You may not need OAuth
For all the noobs writing RESTful services, they think, if I’m doing REST, I need REST security. Given that I do REST talks every once in awhile, often I see the perception that OAuth == REST security. So, before you say “I need OAuth”, actually understand your security needs.
- Does your app already manage user logins and authorization? Are your clients only going to interact with this app? If so, you don’t need OAuth. From the Java EE Servlet perspective, you just need Basic, Digest, Client-Cert, or FORM authentication with user-role mapping declarations.

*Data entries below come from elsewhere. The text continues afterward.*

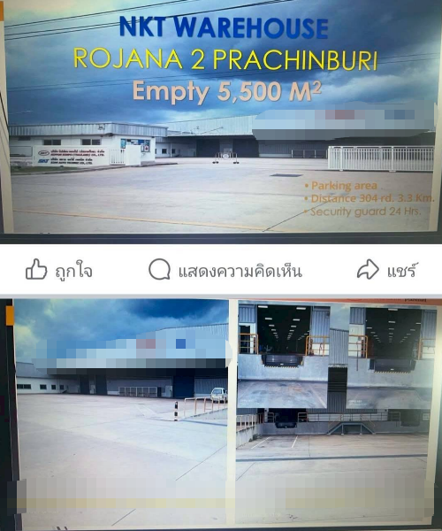 巴真府 | Rojana工业园区里私人工厂仓库出租 6,000平米 每平米150泰铢/月
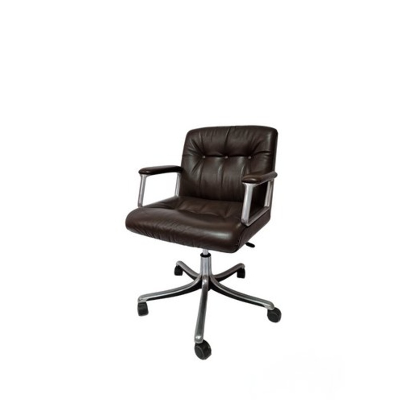90s leather office armchair by Osvaldo Borsani for Tecno. The Tecno brand is shown on the inside of the base of the chairs as can be seen from the photos. Healthy structure and skin in excellent conditionThe piston seat for height adjustment must be accomp
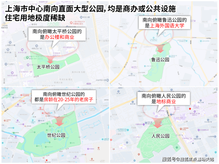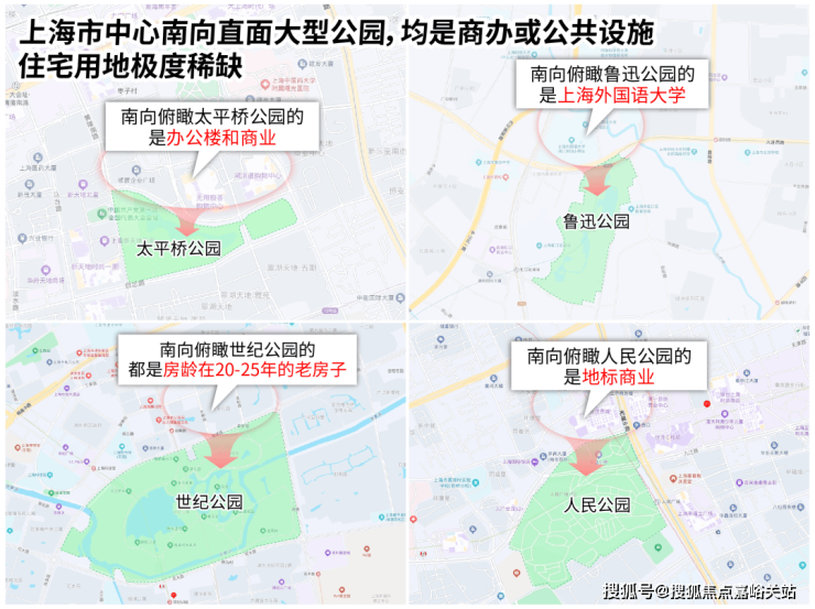 公园边界有限: 公园的周长是固定的,能真正“ 直面 ”公园(而非斜视、侧视、有遮挡)的土地面积极其有限

- Do you *not* need the ability to grant permission to a thirdparty to access your data? Then you don’t need OAuth
I may need OAuth
- Do you want a central authentication server that manages authentication and authorization for all your web apps? Then you may need OAuth
- Do you want the allow users to grant temporary permission for third parties to access services on behalf of them? Then you may need OAuth
Why is OAuth Incomplete?
- OAuth2 does not define how a user authenticates. If you are looking for OAuth to be an SSO solution, your code-driven clients will have to have specific integration with each and every auth server to pass credentials. OAuth2 does not define what credentials should be passed around. It does not define how those credentials are transmitted.

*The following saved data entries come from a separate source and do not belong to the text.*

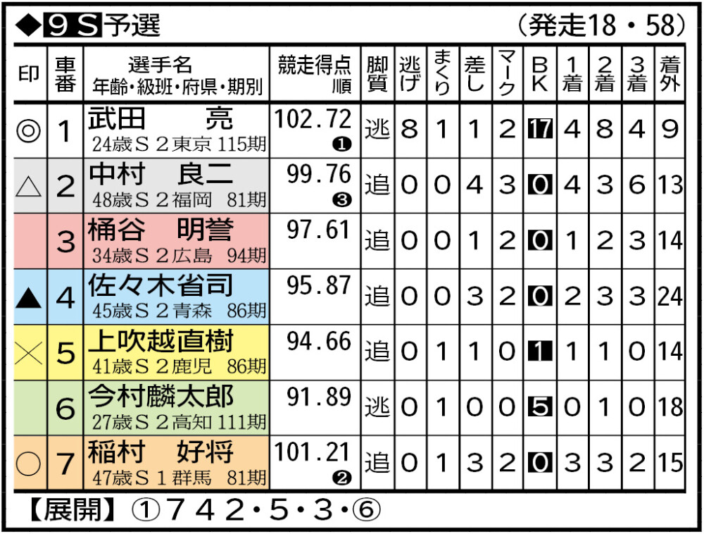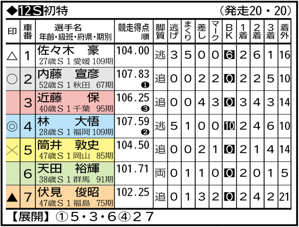 ビッグレース実績も豊富な佐々木は「3、4回くらい林君と対戦しているけど、一度も勝っていない。自分と走るときは112点くらいの強豪選手になる」と苦笑い。それなら現在の競走得点を信頼して林から狙う。ベテラン内藤がG前で迫ってマッチレース。3番手の伏見は成績ほど状態は悪くない。
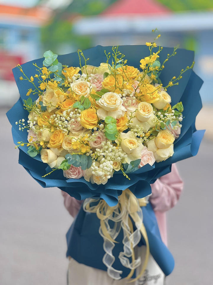 Bó hoa trong ảnh mang vẻ đẹp tươi sáng, thanh lịch và đầy năng lượng tích cực, rất phù hợp làm quà tặng trong dịp Ngày của Cha. Tông màu chủ đạo là vàng – kem – xanh dương, tạo nên sự kết hợp hài hòa giữa nét ấm áp và sự vững chãi. Những bông hoa hồng vàng và hồng kem được sắp xếp dày dặn, nở đều, tượng trưng cho sự trân trọng, thành công và lời chúc tốt đẹp.
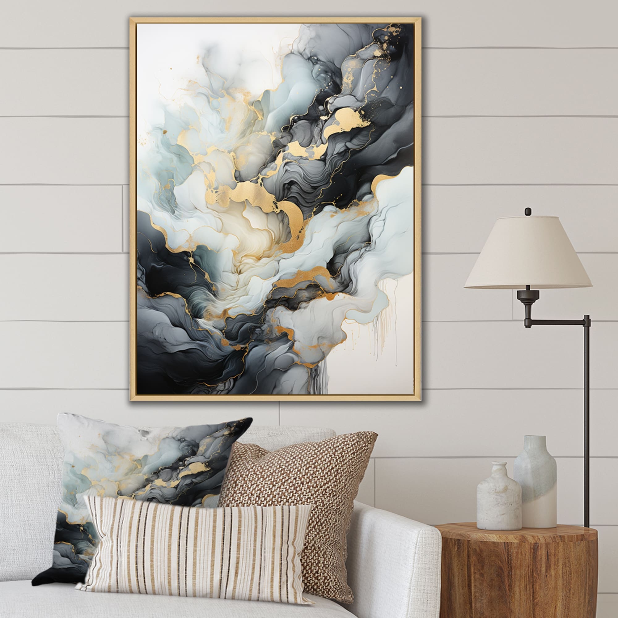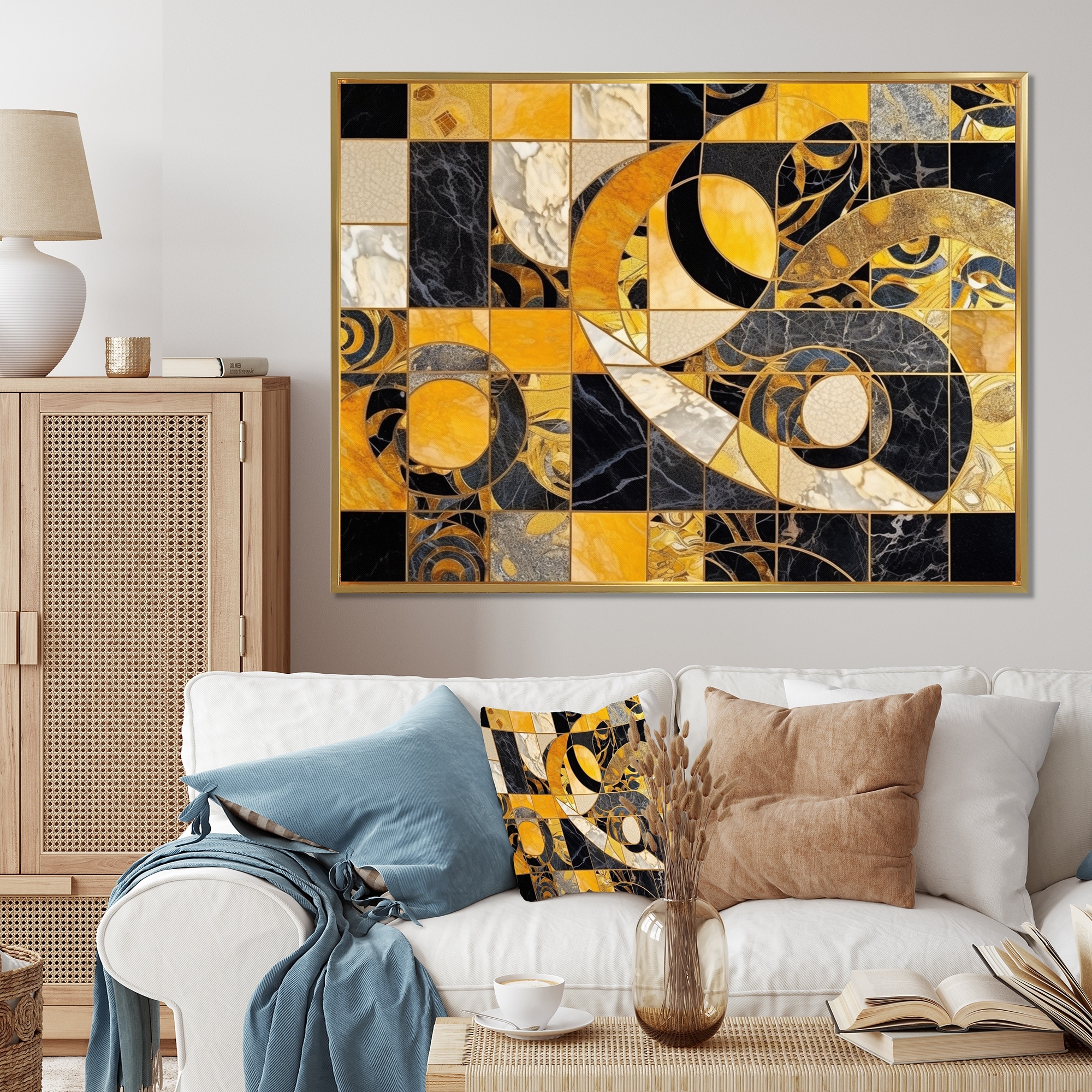Designart "Gold Black Gold And Black in Motion IV" Abstract Shapes Framed Canvas Art Print

- OAuth2 only suggests an app auth method. After user authenticate, the app must turn an auth code into an access token. OAuth2 does not require a specific authentication mechanism for this, but does require authentication.
- OAuth2 doesn’t define the scope token or access token format. The OAuth 2 protocol is all about acquiring a temporary access token with a defined scope. The scope defines what a client is allowed to do. Each target service will need to understand specific scope or access token formats in order to grant specific permissions.
- OAuth does not define how third-party authenticates. After obtaining an access token, OAuth does not require any specific mechanism to authenticate a third-party to the target resource. It does offer suggestions, specifically the Bearer and MAC token RFCs.
So what does this mean? Writing generic OAuth2 support for a framework is not possible. Users will have to implement integration code for each OAuth2-compliant auth-server they want to integrate with both on the client side of things (i.e. JAX-RS Client) or the application side (your web apps). While it may be possible to provide some helper code, IMO, you’d be better off just coding the entire thing yourself as, IMO, you’ll understand the protocol better.
How will Resteasy support OAuth 2?
Resteasy will focus on full solutions rather than helper classes. I’m not convinced there’s enough helper code we could write that would add enough value for users to build on top on. Instead we’ll do the following:
- Resteasy token formats. We will define our own token formats that map well to JAX-RS and Java EE environments.
- We will define specific authentication protocols for user authentication and protocols for auth code to access code conversion.
- We will provide or own IDP/Auth-server solution. This will be a lightweight solution with simple file-based persistence.
- We will write specific end-to-end solutions to things like Google OAuth APIs and Picketlink and any other OAuth2 provider that is really popular
- For each OAuth2 provider, we will have a JAX-RS only solution so you can run in any environment you want. We will also have specific AS7 integration so you that you can use web.xml role mappings as well as Subject propagation to other Java EE component layers.